Now run the search using nutch itself,
Example :
/opt/nutch/bin/nutch org.apache.nutch.searcher.NutchBean developpement
26) Search the engine using the brawser.
To search you need to have tomcat installed and put the nutch war file into
tomcat servlet container.
I have build and installed tomcat as /opt/tomcat
Note: (important)
Something interesting to note about the distributed filesystem is
that it is user specific.
If you store a directory urls under the filesystem with the nutch
user, it is actually stored as /user/nutch/urls.
What this means to us is that the user that does the crawl and stores
it in the distributed filesystem
must also be the user that starts the search, or no results will come
back.
You can try this yourself by logging in with a different user and
runing the ls command.
It won't find the directories because is it looking under a different
directory /user/username instead of /user/nutch
As explained above we need to run tomcat as nutch user in order to be sure
to have search results; Be sure to have write
permission to nutch logs directory and read permission on the rest of the
tomcat installation:
login as root
chmod -R ugo+rx /opt/nutch
chmod -R ugo+rwx /opt/nutch/logs
export CATALINA_OPTS="-server -Xss256k -Xms768m -Xmx768m
-Djava.net.preferIPv4Stack=true -Djava.awt.headless=true"

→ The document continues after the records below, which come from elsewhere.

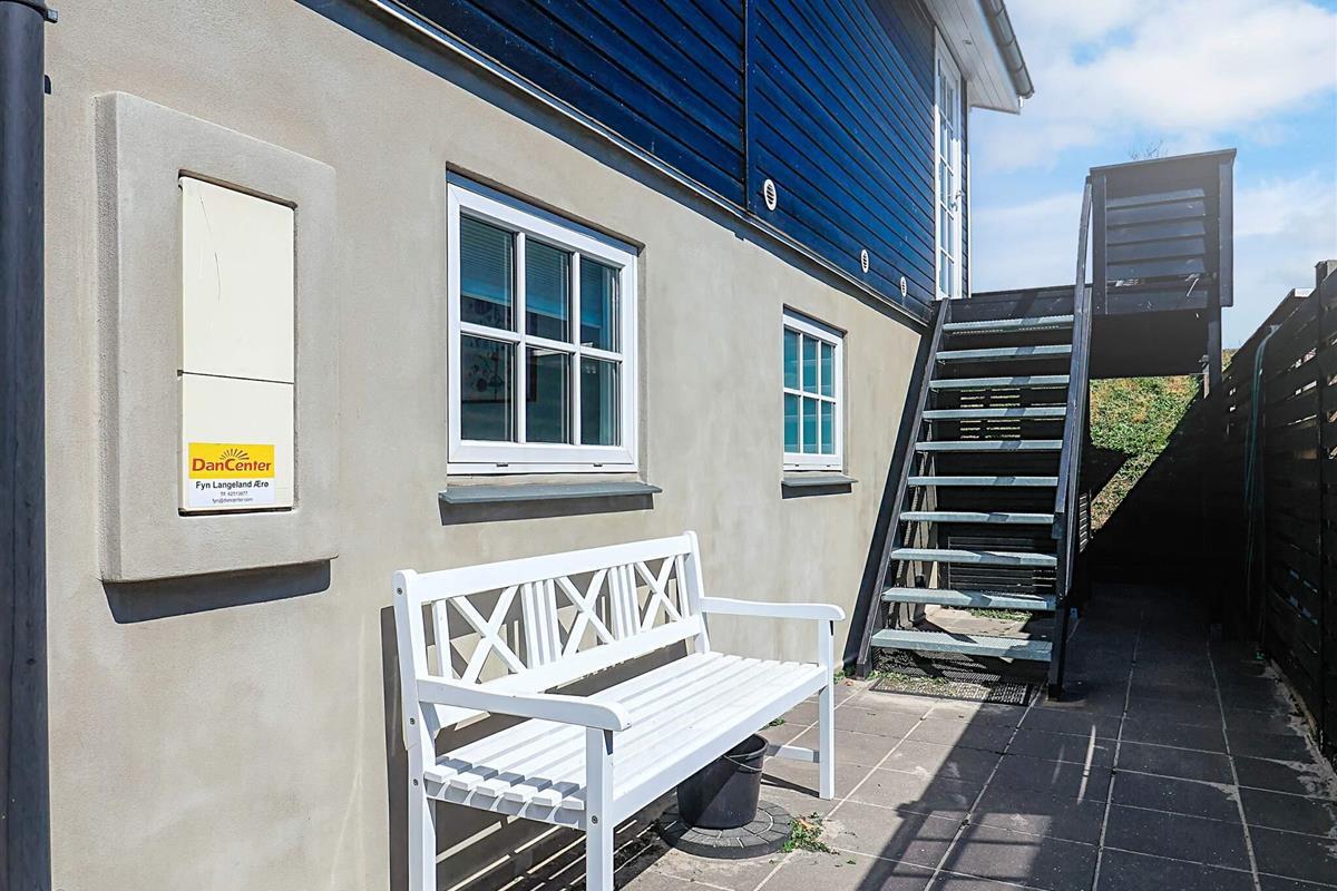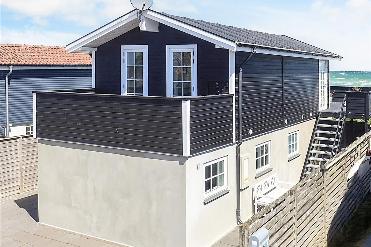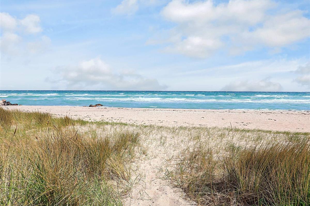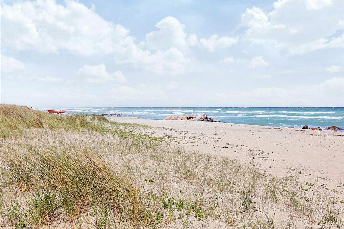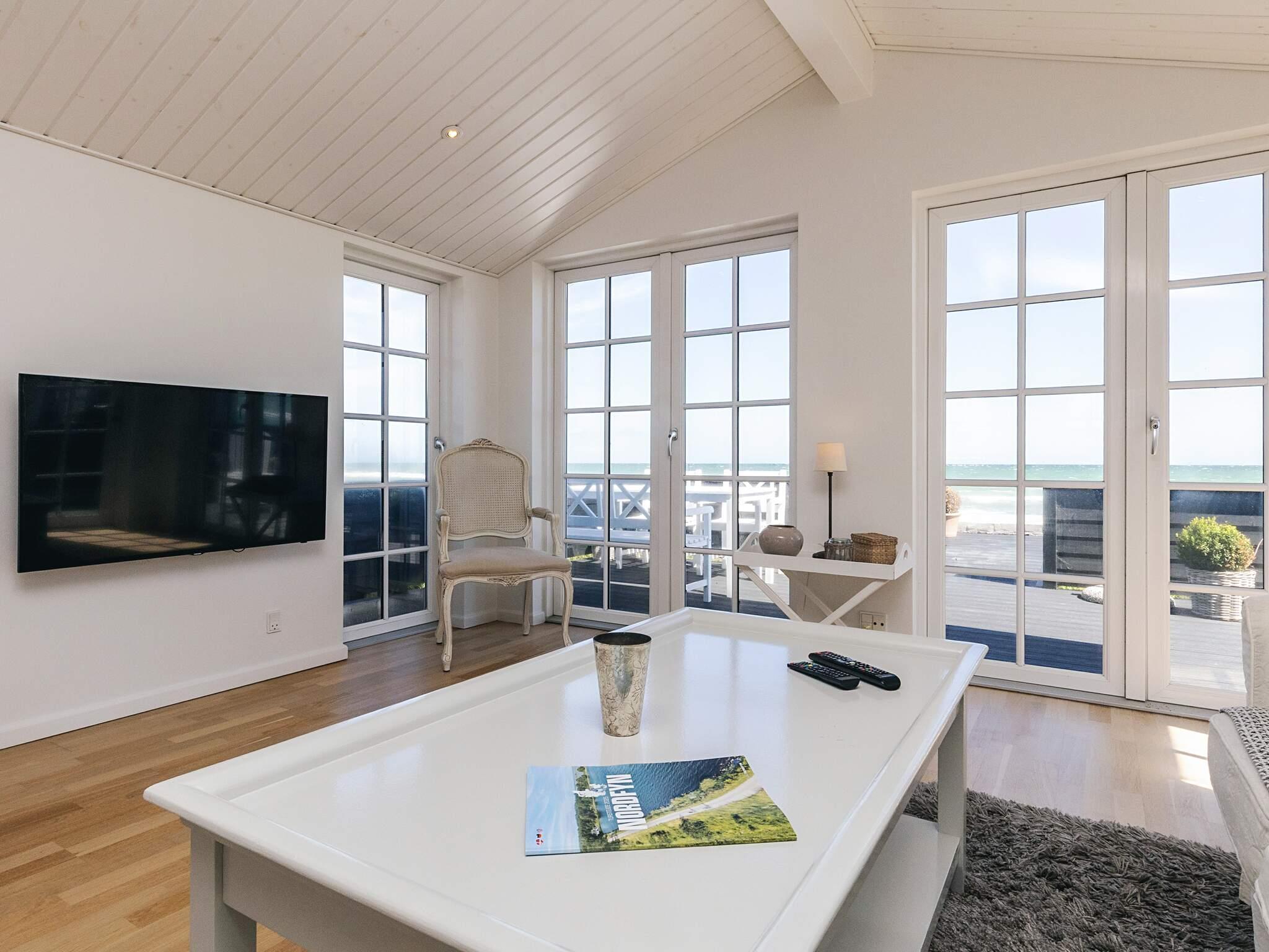 Bei Hasmark Strand liegt dieses Ferienhaus, ganz unten am Wasser und mit direktem Zugang zum Strand. Von Haus und Terrasse bietet sich eine einmalige Aussicht auf das Wasser, das nur ein paar Meter entfernt ist. Im Erdgeschoss gibt es zwei Schlafzimmer und ein Bad mit Dusche, Waschmaschine und Trockner. Der große, helle Küchen-Ess-Wohnbereich liegt im Obergeschoss. Fernseher mit dänischen Sendern. Genießen Sie die herrliche Aussicht durch die großen Fenster des Wohnzimmers. Der Strand ist besonders kinderfreundlich. Kleine Buhnen spenden Schutz. Nur eine kurze Autofahrt vom Haus können Sie Golf spielen, im Sommer Pferde mieten, Hofläden oder historische Stätten besuchen.
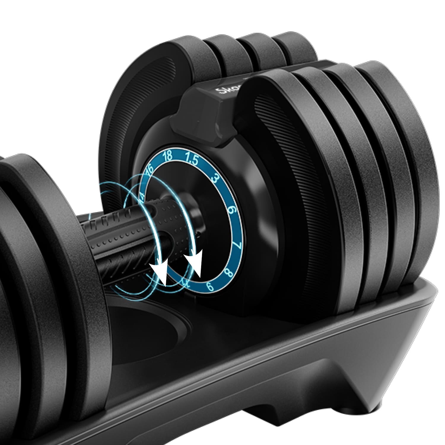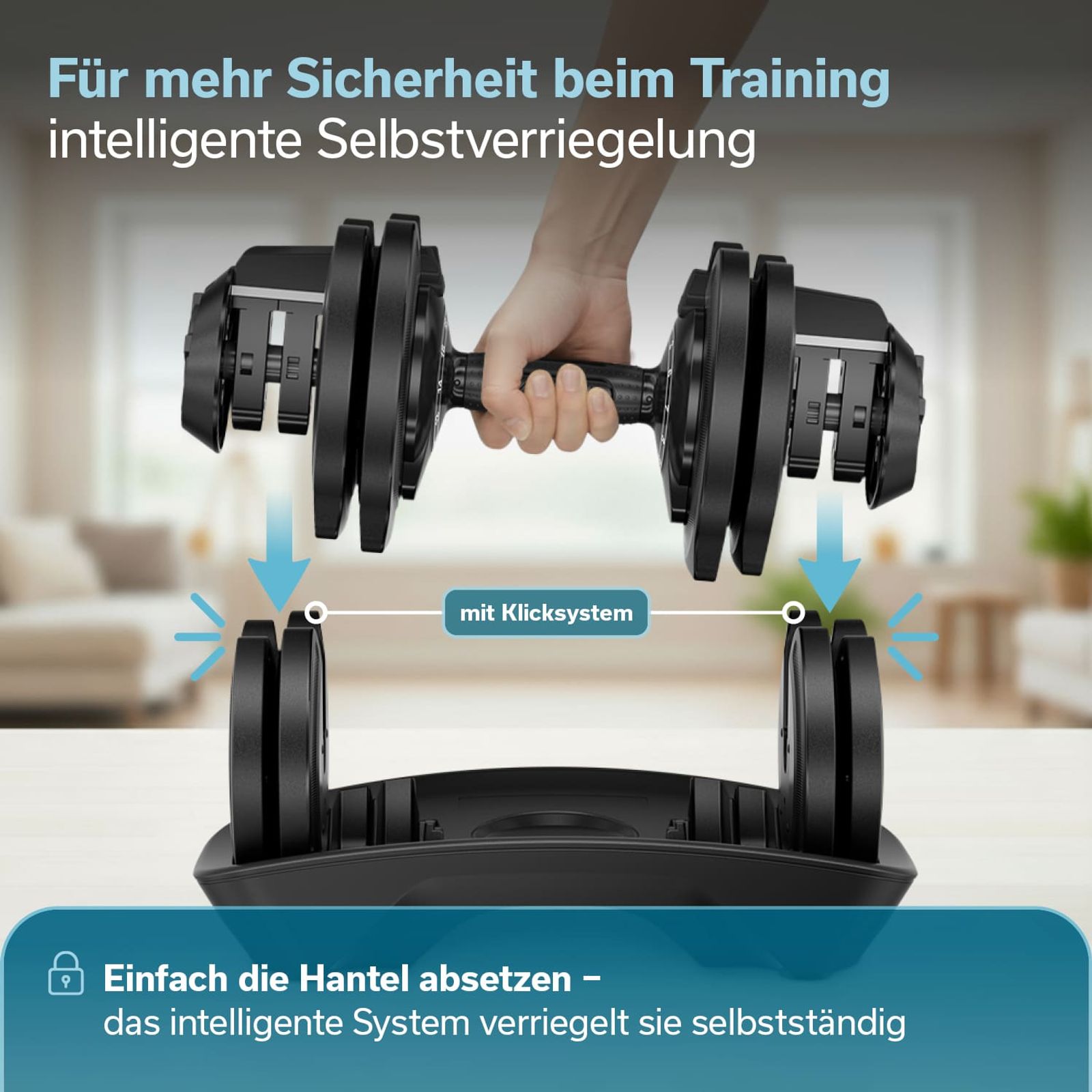 Das innovative Selbstverriegelungssystem ermöglicht einen Gewichtswechsel in Sekundenschnelle. Einfach die Hantel auf die Ablage positionieren, am Drehgriff das gewünschte Gewicht einstellen und die entsprechenden Scheiben rasten automatisch ein.
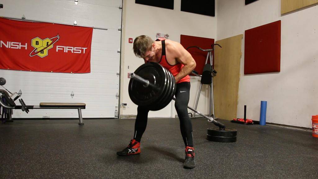 - Таз нужно отвести чуть назад. Начинаем тягу с уровня голеней.
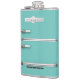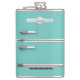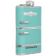 Flasche mit Retro GE Kühlschrank Grafik. Türkis Flachmann
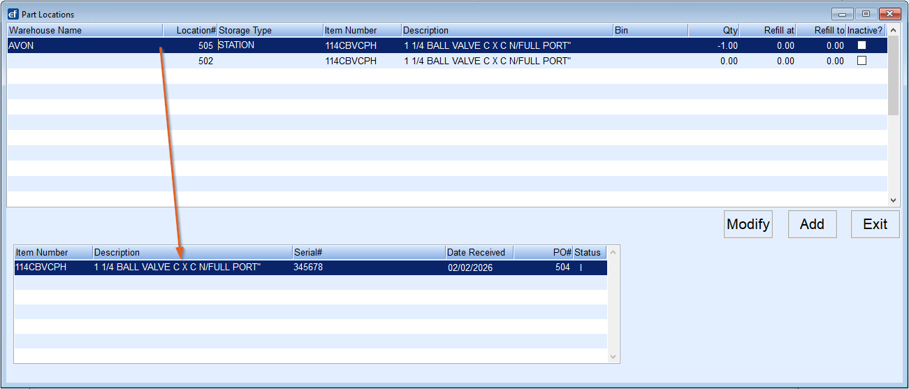 - Available serial numbers will be listed per location and indicate the PO# and Date Received.
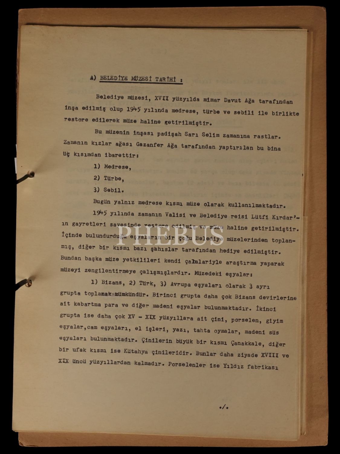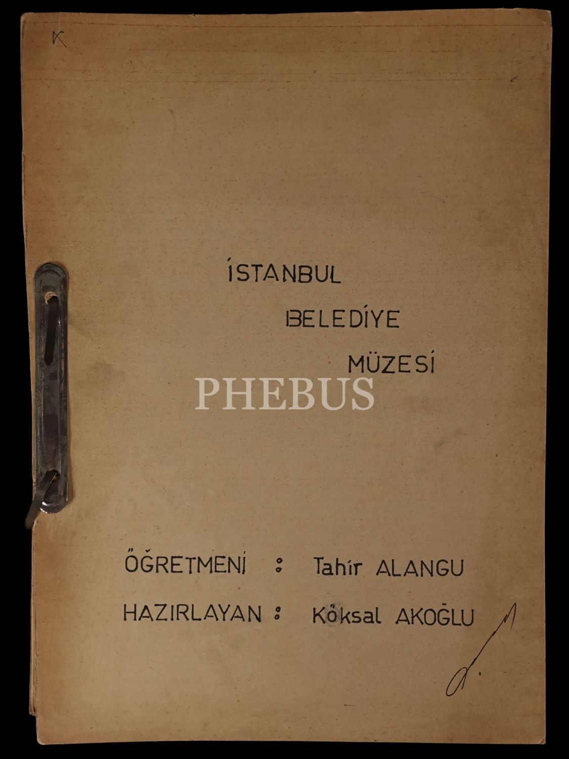 Tahir Alangu´nun öğrencisi Köksal Akoğlu tarafından hazırlanan, İstanbul Belediye Müzesi´nin toplı envanterini ihtiva eden ödev, 19 yaprak, 23x33 cm...
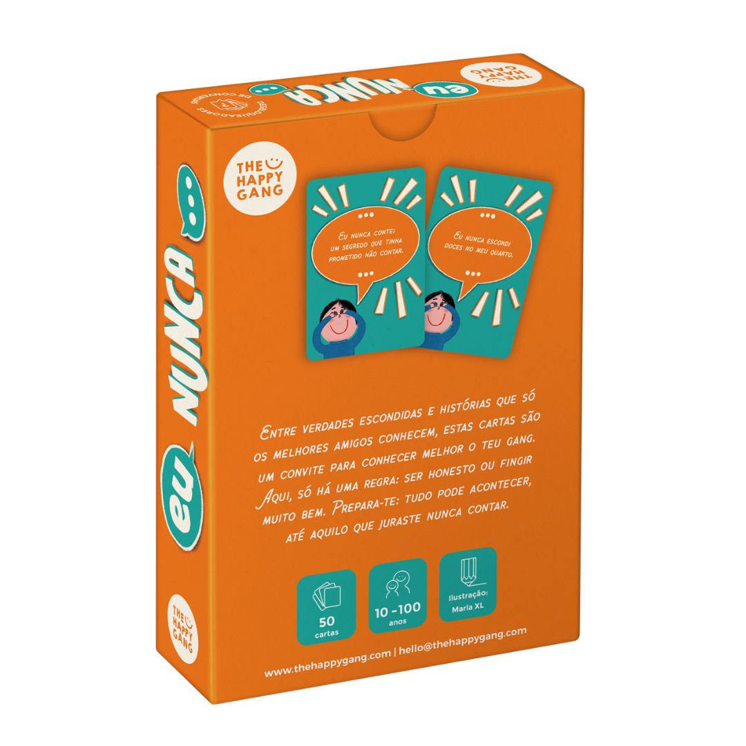 Segredos revelados e muitas gargalhadas! Eu Nunca é um jogo de cartas cheio de perguntas inesperadas, perfeito para descobrir histórias escondidas e testar o quanto conheces os teus amigos. Só há uma regra: ser honesto… ou fingir muito bem.
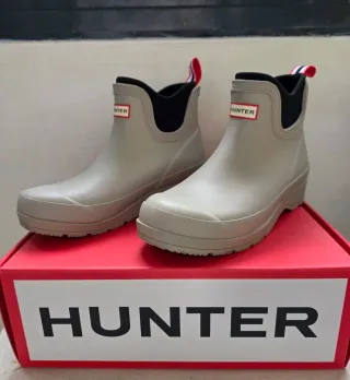Botas marca Hunter color beige nunca puestas Talla 6 UK = 39 / 39,5 EU - Diseño tipo caña media. - Tirador trasero para facilitar su colocación. - Banda elástica lateral.
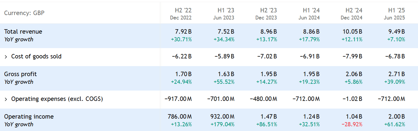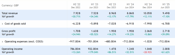 Pozitivní náladu podporují i výsledky za první polovinu roku 2025. Tržby rostly o 7,1 % a dosáhly 9,5 miliardy liber a provozní zisk rostl dokonce o 61 %.
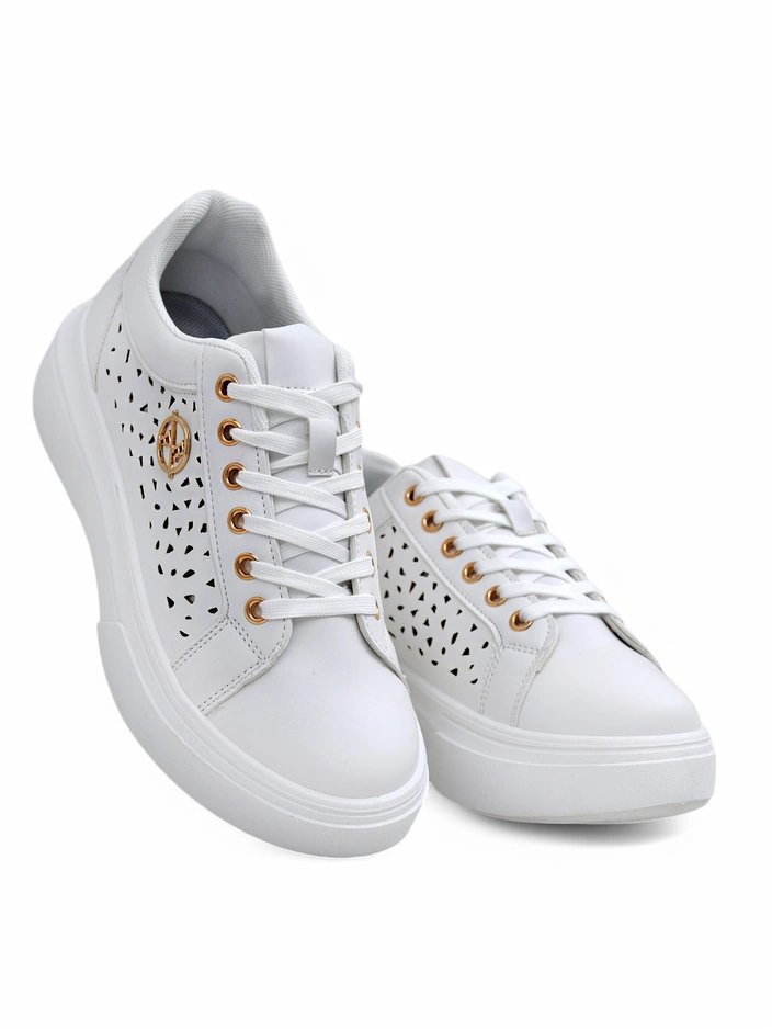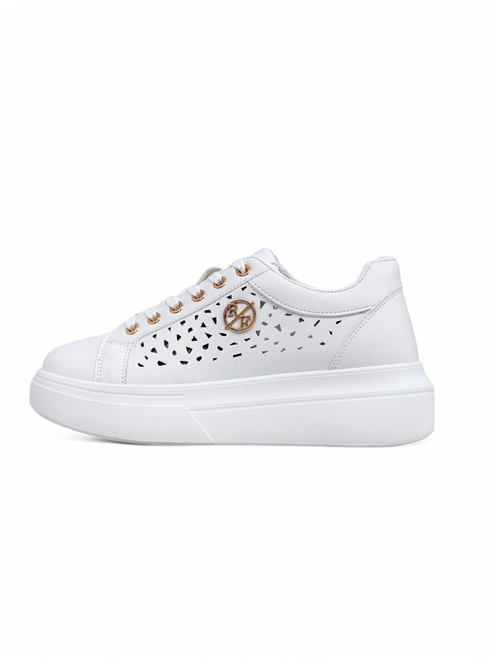 Дамски сникърси Calista Bianco от еко кожа, ажурни, пролетни 4,5 см
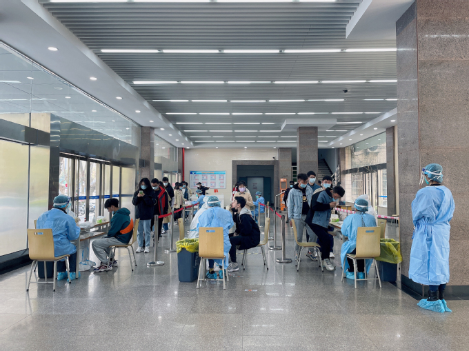 在综合楼大厅检测点,公司教师志愿者迅速熟悉工作流程,认真核对身份信息、快速进行信息登记,配合医护人员推进采样工作有序进行。
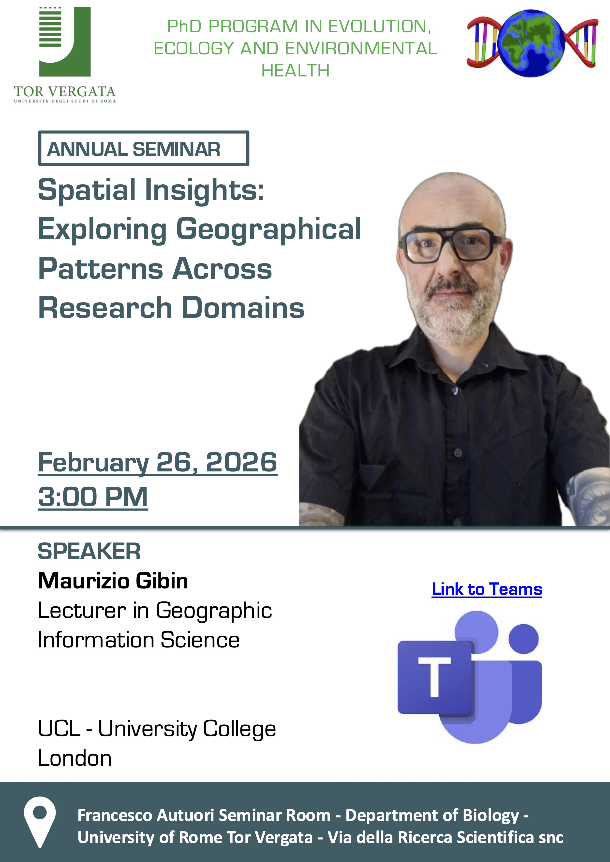 Spatial Insights: Exploring Geographical Patterns Across Research Domains Dr. Maurizio Gibin (University College London) 26 Febbraio 2026

rm -rf /opt/tomcat/webapps/ROOT*
cp /opt/nutch/nutch*.war /opt/tomcat/webapps/ROOT.war
/opt/tomcat/bin/startup.sh
this should create a new webapps/ROOT rootdir
We now have to ensure that the webapp (tomcat) can find the index and
segments.
Tomcat webapp will use the nutch configuration file under
/opt/tomcat/webapps/ROOT/WEB-INF/classes
copy in here your modified nutch configuration files from nutch/conf
directory:
cp /opt/nutch/conf/hadoop-site.xml
/opt/tomcat/webapps/ROOT/WEB-INF/classes//hadoop-site.xml
cp /opt/nutch/conf/hadoop-env.sh
/opt/tomcat/webapps/ROOT/WEB-INF/classes//hadoop-env.sh
cp /opt/nutch/conf/nutch-site.xml
/opt/tomcat/webapps/ROOT/WEB-INF/classes//hadoop-site.xml
now you will need to restart tomcat and enter the following URL into your
brawser:
http://localhost:8080
the nutch search page should appear
27) RECRAWLING
Now that everything works we update our db with new URLS
A) we create the fetch list with the to 100 scoring pages in the current DB
bin/nutch generate test/crawldb test/segments -topN 100
this has generated the new segment : test/segments/20060516135945
B) Now we fetch the new pages
bin/nutch fetch test/segments/20060516135945
C) The DB is now updated with the entries of the new pages
bin/nutch updatedb test/crawldb test/segments/20060516135945
D) We now we inver links. I guess the I could have just invert links on
test/segments/20060516135945
but here I do it on all segments
bin/nutch invertlinks linkdb -dir test/segments
E) Remove the test/indexes directory
hadoop dfs -rm test/indexes
F) Now we recreate indexes
nutch index test/indexes test/crawldb linkdb
test/segments/20060511101525 test/segments/20060516135945
G) DEDUP
bin/nutch dedup test/indexes
H) Merge indexes
bin/nutch merge test/index test/indexes
I) Now if you would like you can evene remove test/indexes
I have also tried to index segment in separate indexes directory like :
nutch index test/indexes1 linkdb test/segments/20060511101525
nutch index test/indexes2 linkdb test/segments/20060516135945
bin/nutch merge test/index test/indexes1 test/indexes2
it looks is working and this will avoid to index each segment all time
we will instead index just the new segment and we just have to regenerate
the new meeged
index
Another solution for merging coulde have been to index each segment into a
different index directory:
nutch index indexe1 test/crawldb linkdb test/segments/20060511101525
nutch index indexe2 test/crawldb linkdb test/segments/20060516135945
nutch merge test/index test/indexe1 test/indexe2
Another solution again is to merge the segment and index only the resulting
merged segment
but so far I did'nt succeed in doing so.
#
#
#nutch crawl dmoz/urls -dir crawl-tinysite -depth 10